In JavaScript, I can reference a parenthesized submatch in a replacement string like so:

"abcdefghijklmnopqrstuvwxyz".replace(/(.)/g, "$1-");
// Result: "a-b-c-d-e-f-g-h-i-j-k-l-m-n-o-p-q-r-s-t-u-v-w-x-y-z-"

Now, I want to put a 1 instead of a - in between each letter:

"abcdefghijklmnopqrstuvwxyz".replace(/(.)/g, "$11");
// Result: "a1b1c1d1e1f1g1h1i1j1k1l1m1n1o1p1q1r1s1t1u1v1w1x1y1z1"

At least Chromium seems to detect that there is no submatch group 11, so it interprets the replacement string as "submatch group 1 followed by a 1".

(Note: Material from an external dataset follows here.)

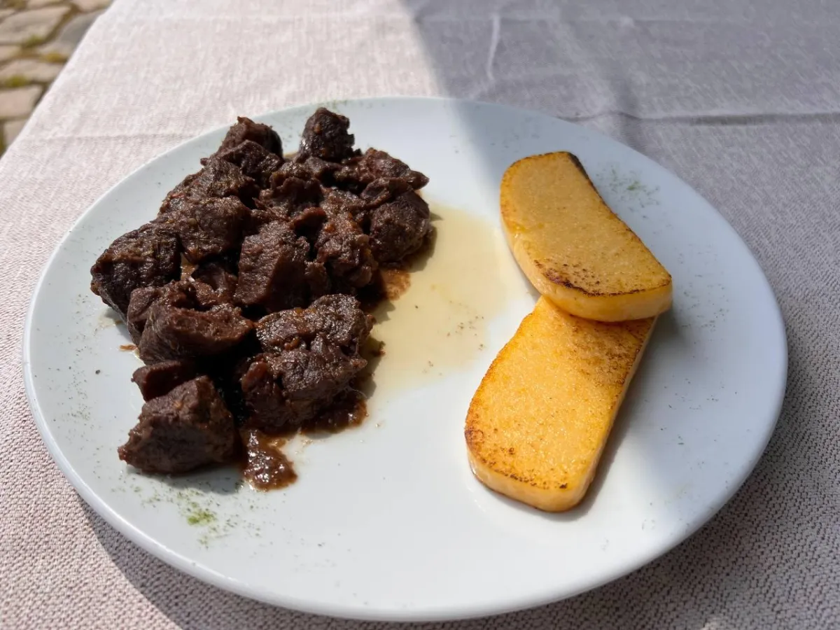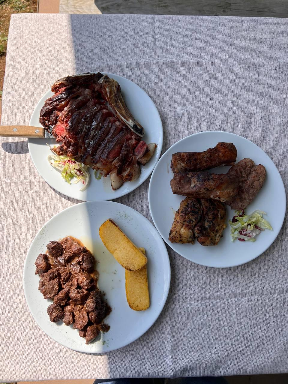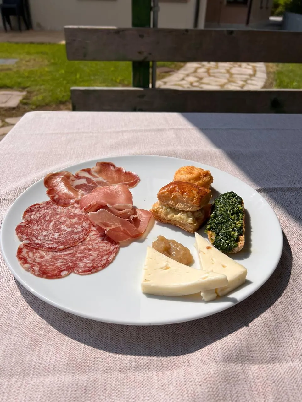 Sopressa nostrana, Prosciutto crudo, Coppa, Formaggio di nostra produzione con marmellata di cipolle cotte ae bronse, Sfogliatina con asparagi e pancetta, Crostino con pesto di aglio orsino, Uovo fritto con crema di patate

Let's assume there are 11 groups though:

'abcdefghijklmnopqrstuvwxyz'.replace(/^(.)(.)(.)(.)(.)(.)(.)(.)(.)(.)(.)(.)(.)(.)(.)(.)(.)(.)(.)(.)(.)(.)(.)(.)(.)(.)$/, '$11');
// Result: "k"

What I would like to know:

  • Will example 2 work cross browser? Is it defined somewhere that it should behave like this?
  • Is there a way to explicitly delimit the submatch group reference? Something like in bash where $a and ${a} refer to the same variable, but the latter makes it possible to delimit it from the following text. Something that would enable me to make example 3 output "a1" rather than "k".
cdauth
  • 6,171
  • 3
  • 41
  • 49

1 Answers1

3

JavaScript regex engine assumes the longest digit sequence after $ is the group ID to refer to provided there is such a group in the pattern, so $111 will refer to Group 111 if there is one in the pattern, or to Group 11 and 1 if there is Group 11, or to Group 1 and 11 if there are fewer than 11 groups. It will be returned as a literal string if there are no groups at all (i.e. "x".replace(/./g, "$1") returns $1).

console.log('abcdefghijklmnopqrstuvwxyz'.replace(/^(.)(.)(.)(.)(.)(.)(.)(.)(.)(.)(.)(.)(.)(.)(.)(.)(.)(.)(.)(.)(.)(.)(.)(.)(.)(.)$/, '$11')); // => "k"
console.log('abcdefghijklmnopqrstuvwxyz'.replace(/^(.)(.)(.)(.)(.)(.)(.)(.)(.).................$/, '$11')); // => "a1"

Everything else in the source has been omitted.